What about some of the other classic English rock bands like Humble Pie or Free. Did they register on your radar?
None of that stuff made it to my brain or heart. I didn’t connect with it as a kid. I loved blues playing but in a much more mainstream way.
And how about more contemporary bands like 30 Seconds to Mars or My Chemical Romance?
I enjoy My Chemical Romance and I’ve never knowingly heard 30 Seconds to Mars. A lot of the modern stuff I haven’t listened to at all. There’s too much great stuff in the classics.
Bassist Frankie Poullain plays a great riff in “With a Woman.”
Oh yeah, the bass line. I think he’s got better as well over the years. I think he’s matured and grown into it. When we first reformed his playing had really improved.
Your solo in “With a Woman” was really good.

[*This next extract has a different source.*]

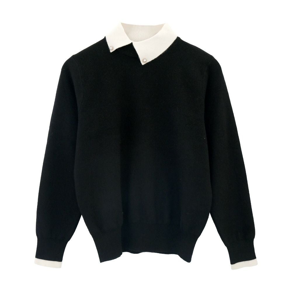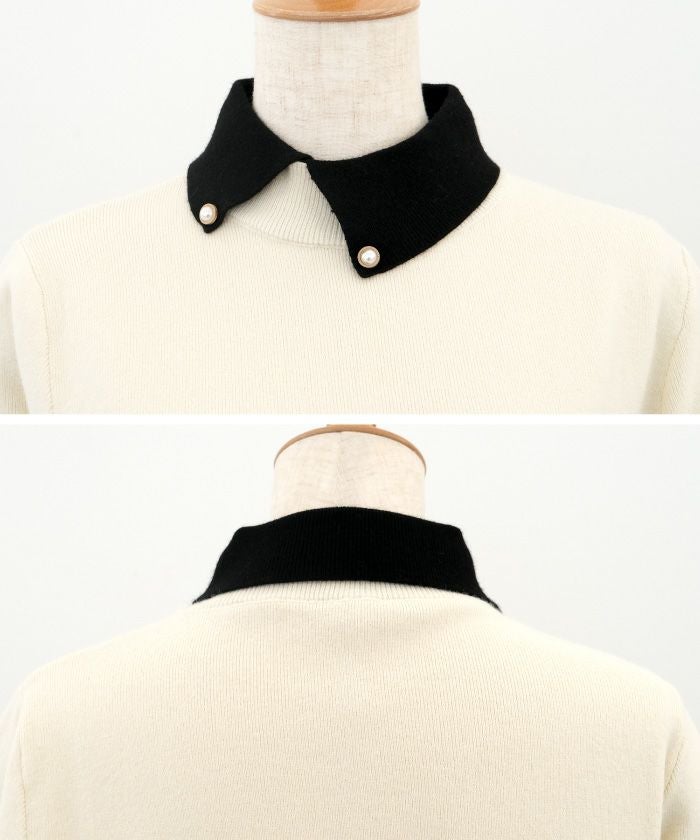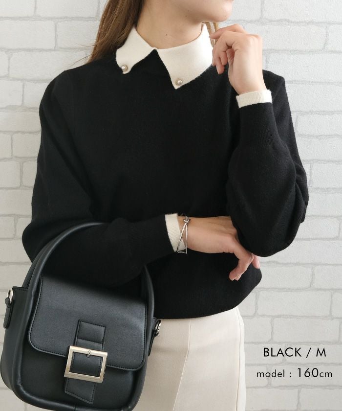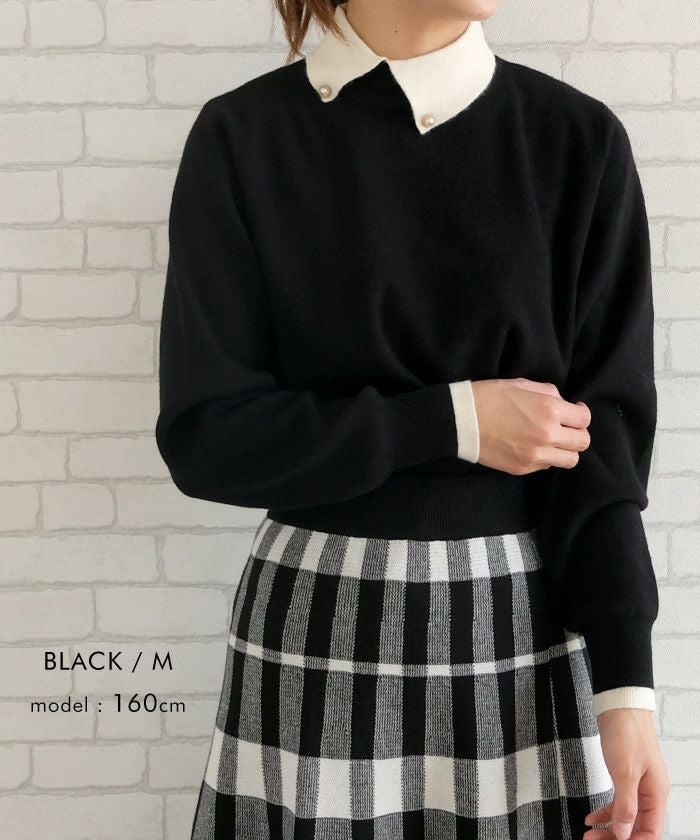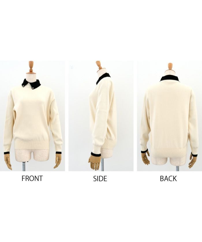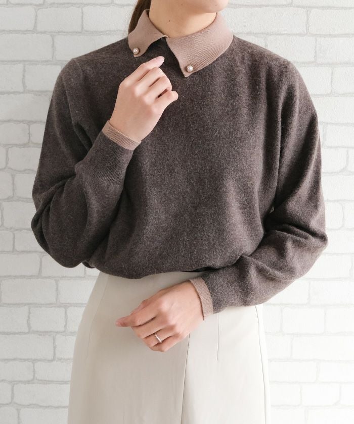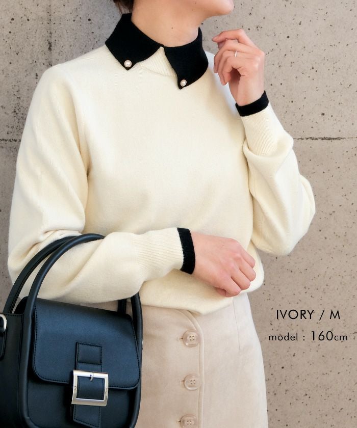 送料無料 ポイントパール襟付きニット レディース 春 秋 冬 M L 長袖 ≪ゆうメール便配送30・代引不可≫ | アクアガレージ aquagarage

Is the sound of your guitar on that solo and on the album in general a function of Bob Ezrin?
Yeah, it might be. It’s the classic sort of Les Paul Custom played through a Marshall Super Lead with a bit of a Tube Screamer in there.
“Keep Me Hanging On” is a good example of how you approach the rhythm guitars—one guitar plays a staccato sort of figure while the other one strums legato chords.
Well actually I think Dan played all the rhythm parts on that recording and I just played the guitar solo.
That was another one of your chicken pickin’ solos?
Yeah definitely. It’s the Les Paul again; I didn’t use anything fancy for that. The only sort of song that didn’t have a Les Paul solo would be “Livin’ Every Day Blind.” I played the first solo on a Les Paul and then the main solo I did on a Strat, which is very rare for me. And then the last bits of lead I played those on a Les Paul. I have to do two guitar changes if we do that one live.
You did that rocked out version of Radiohead’s “Street Spirit.” Are they a band you’ve listened to a lot?
Yeah, it is actually. The band has deeply influenced all of us. We just love that band.
You’ll be performing at the Isle of Wight?
Yeah. We played it once before actually back in ’03 and it’s a really nice day out. I’m really looking forward to it.
And you’re touring with Lady Gaga on the Born This Way Ball Tour. How did that happen?
Yeah. She chose us and for me it sort of feels ideal. I’m really excited about the opportunity and I think it’s gonna be a brilliant tour.
The Darkness haven’t really been around for about seven years. Does Hot Cakes represent who the band are in 2012?
Yeah, I think it’s a fair reflection of how things are at the moment. We’re playing better than we ever did and we’re kind of writing great stuff. And just really excited about the touring thing. Everything is going well.